The bulk of Engineer’s autobiography — almost two-thirds of the book — is a chronicle of his travels in the West, Asia and Africa which he visited to attend conferences on religion, particularly on Islam, radicalism and inter-faith relations. (Curiously, the book doesn’t even mention Engineer’s extensive travels within India). Here, we learn about his efforts at the international level, in which Engineer played an active role, to promote inter-religious dialogue for more humane interpretations of religion, to counter terrorism in the name of Islam and to build bridges between people of different religious faiths.

After devoting more than 200 pages describing his travels abroad to deliberate issues pertaining to religion in the contemporary world, Engineer spares less than ten pages to wind up his memoir. In a section titled ‘Looking Back, Looking Ahead’, he reflects on what he sees as the purpose of his life — achieving social justice, promoting inter-communal harmony, world-healing, and so on.

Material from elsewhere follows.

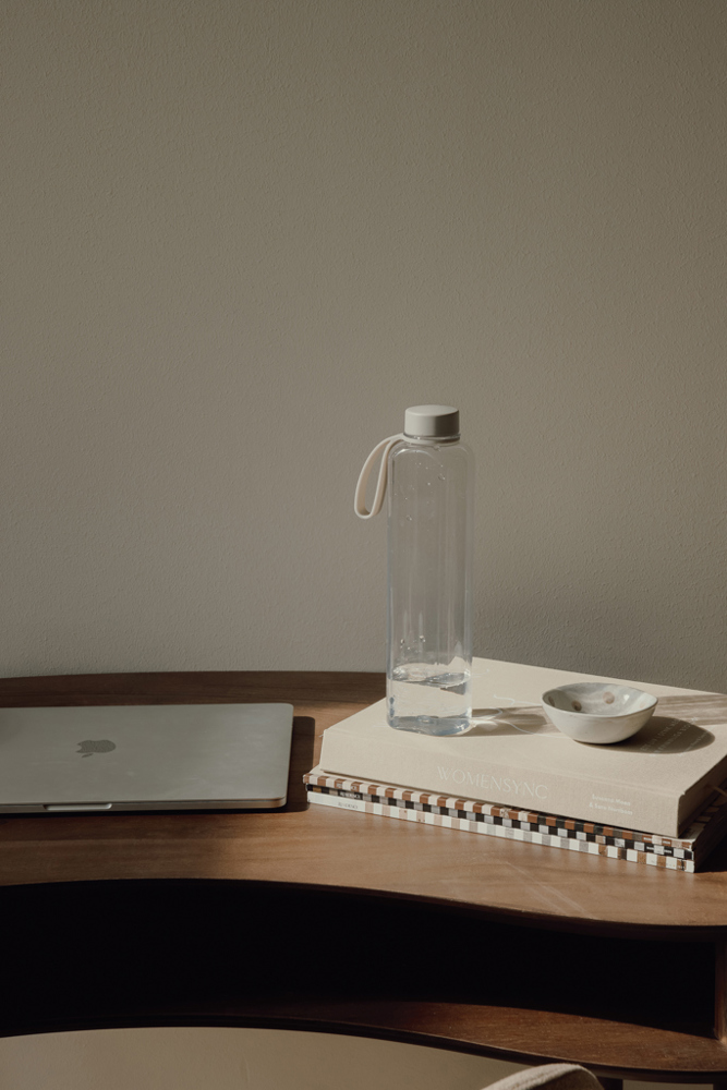 Stylish water bottle with a practical handle. Perfect for any occasion, whether at the office or the gym. The bottle features a unique, slim and flat design that not only gives it a modern and elegant look, but also makes it easy to slip into bags and backpacks without taking up unnecessary space. Made from recycled PET material and holds 550 ml. For cold drinks only.Certified by RCS (Recycled Claim Standard), RCS certification guarantees that the entire supply chain of recycled materials is certified. The total recycled content is based on the overall product weight. This product contains 85% RCS certified recycled PET.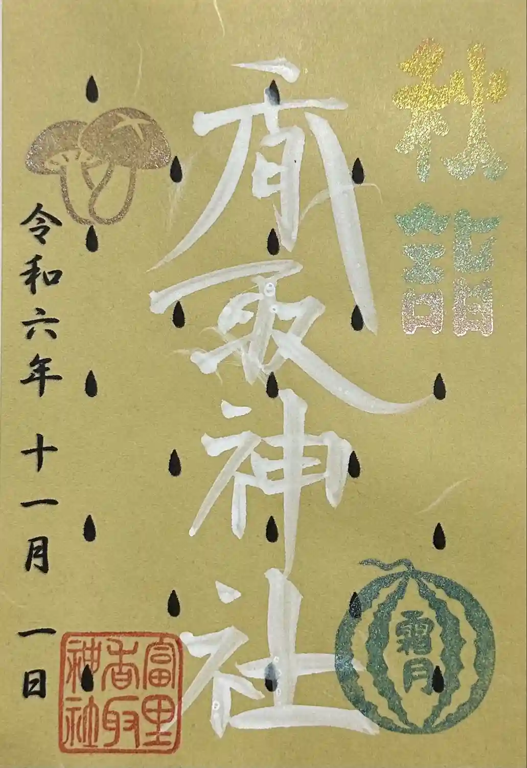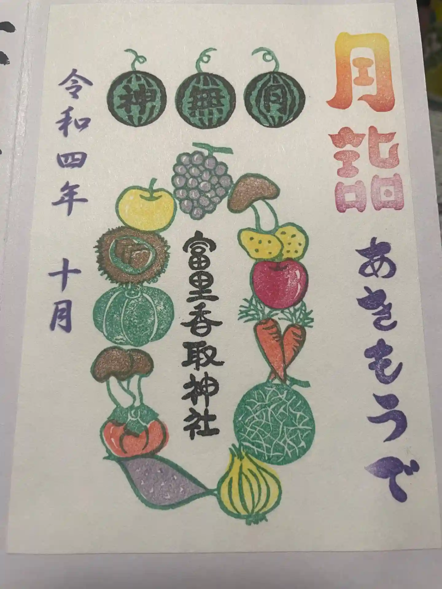 かなりインパクトがある神社ですね。富里市は昔からスイカの名産地🍉。そのスイカのデザインの御朱印、御…

All this is very laudable, and the reader can’t be left unimpressed by Engineer’s many intellectual achievements and activities. Yet, this section appears all too brief, inadequate and abrupt. Given that the greater part of the book is about the author’s wealth of experience on the international conference circuit, some readers are bound to notice the lack of any reflection on the usefulness or otherwise of such efforts, in terms of practical achievement and transforming people’s hearts and minds.

But despite this, Engineer’s just-in-time memoir, is in parts, powerfully inspiring, revealing a heroic individual who devoted his life to causes in which he believed.